In our well-equipped wood workshop you will find various wood processing machines such as belt sanders, panel saws and drill presses, which enable you to carry out your wood projects precisely.

This is complemented by a modern IT infrastructure with computers and iPads, which offer students comprehensive access to digital resources and programming tools. These technical aids are crucial support elements in order to best develop the creative potential of our young people.

School projects in the future

Is there a larger project that you would like to implement with the children in the future?

We definitely want to expand our design options and get a second Mr Beam. Under the name "Woodbox" we plan the construction and laser cutting of various wooden boxes, from simple containers to pen holders and toolholders.

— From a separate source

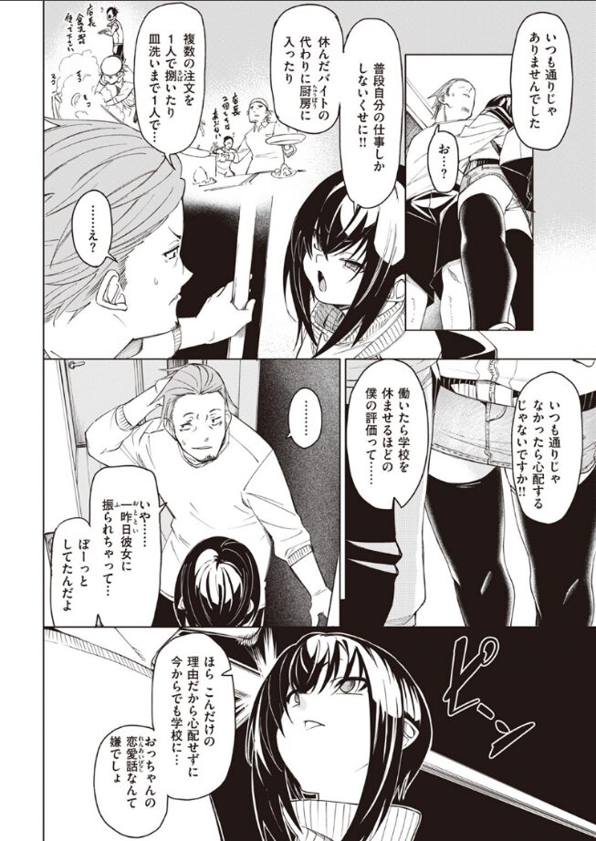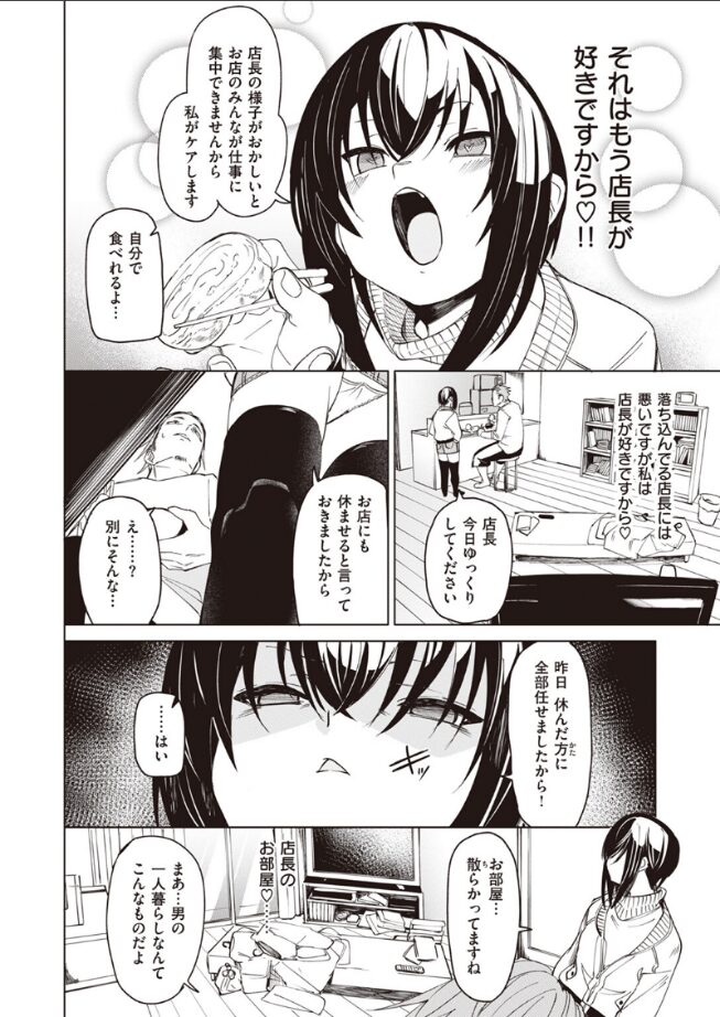 「店長は傷心中みたいなんで今日は私が面倒を見ます!!」昨日の店長の様子がおかしかったことを気にして、学校を休み家まで様子を見に来たバイト娘の理央(りお)ちゃん。話を聞いたところ、彼女にフラれてぼーっとしちゃっていたみたい。店長のことが好きな理央ちゃんは、チャンスとばかりに家にあがりこむのだが……?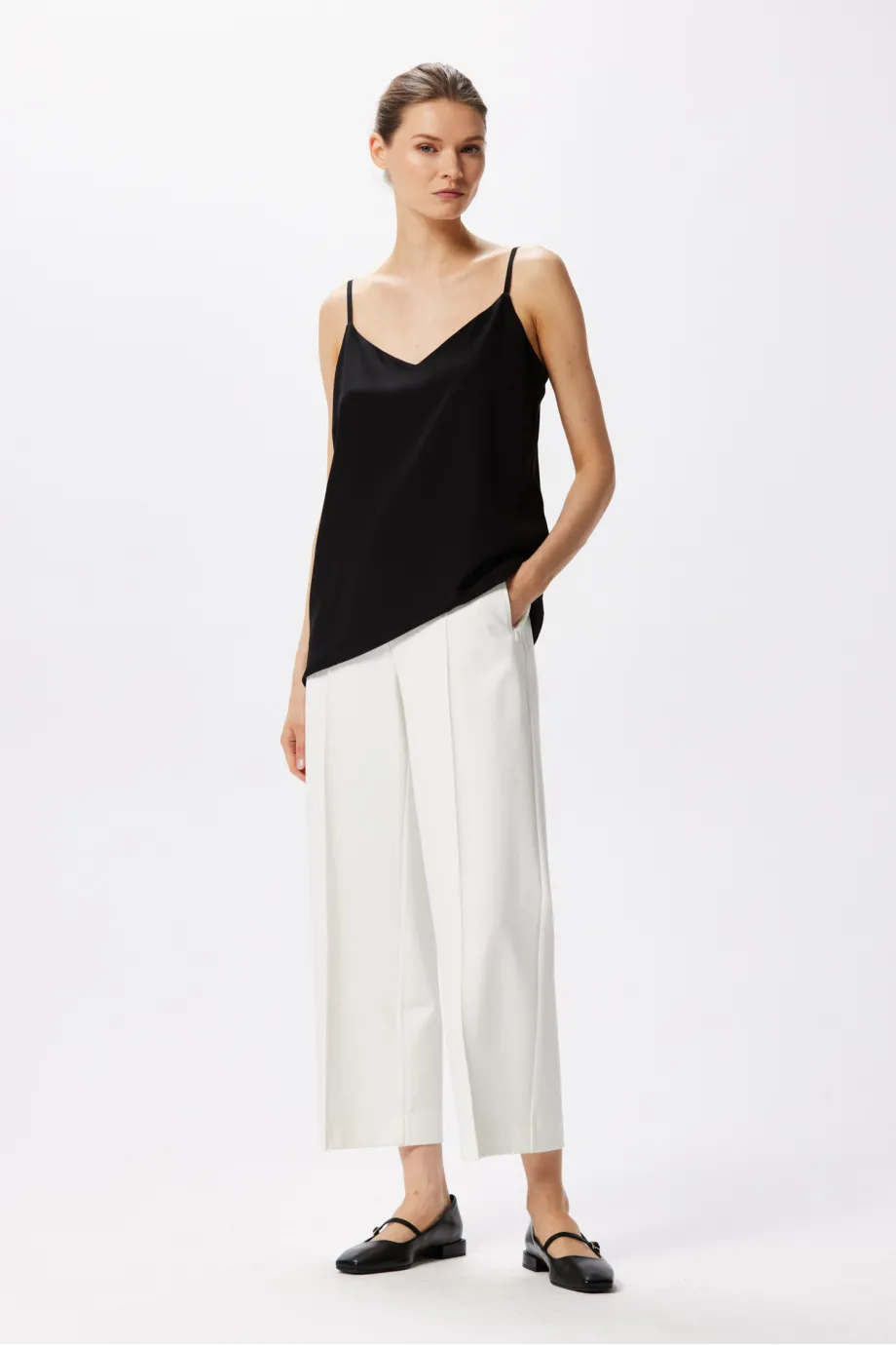 Die Seidenbluse mit Trägern ist unser Aushängeschild, das jede Saison in einer anderen Farbe erscheint. Diesmal gewinnt das kultige Top mit V-Ausschnitt einen tiefschwarzen Farbton. Es gibt keine Komposition, zu der es nicht passt, unabhängig vom bevorzugten Kleidungsstil. Das schwarze Seidentop mit Trägern ist ein unverzichtbares Basic im Kleiderschrank jeder Liebhaberin des Quiet Luxury-Trends.

A particularly exciting project is the collaboration with the newly founded student company "Die Makerschmiede" from OBS Bissendorf as part of the "Die Makerschmiede" project.

In addition, with the project “From Bissendorf to the World” we would like to construct and laser-cut wooden postcards as part of the anniversary celebration “50 Years of Bissendorf” that will be sent to our students’ countries of origin.

Another ambitious project that we call “Plastic Heroes” is to recycle plastic lids and similar materials. This is done using a shredder, an injection moulding machine and an extruder to make your own products. These future projects represent not only innovative technologies, but also our commitment to promoting sustainable and creative approaches in our student research centre community.

Thank you very much, Malte. The insight was very interesting for us, and we wish you much joy and success in your future work!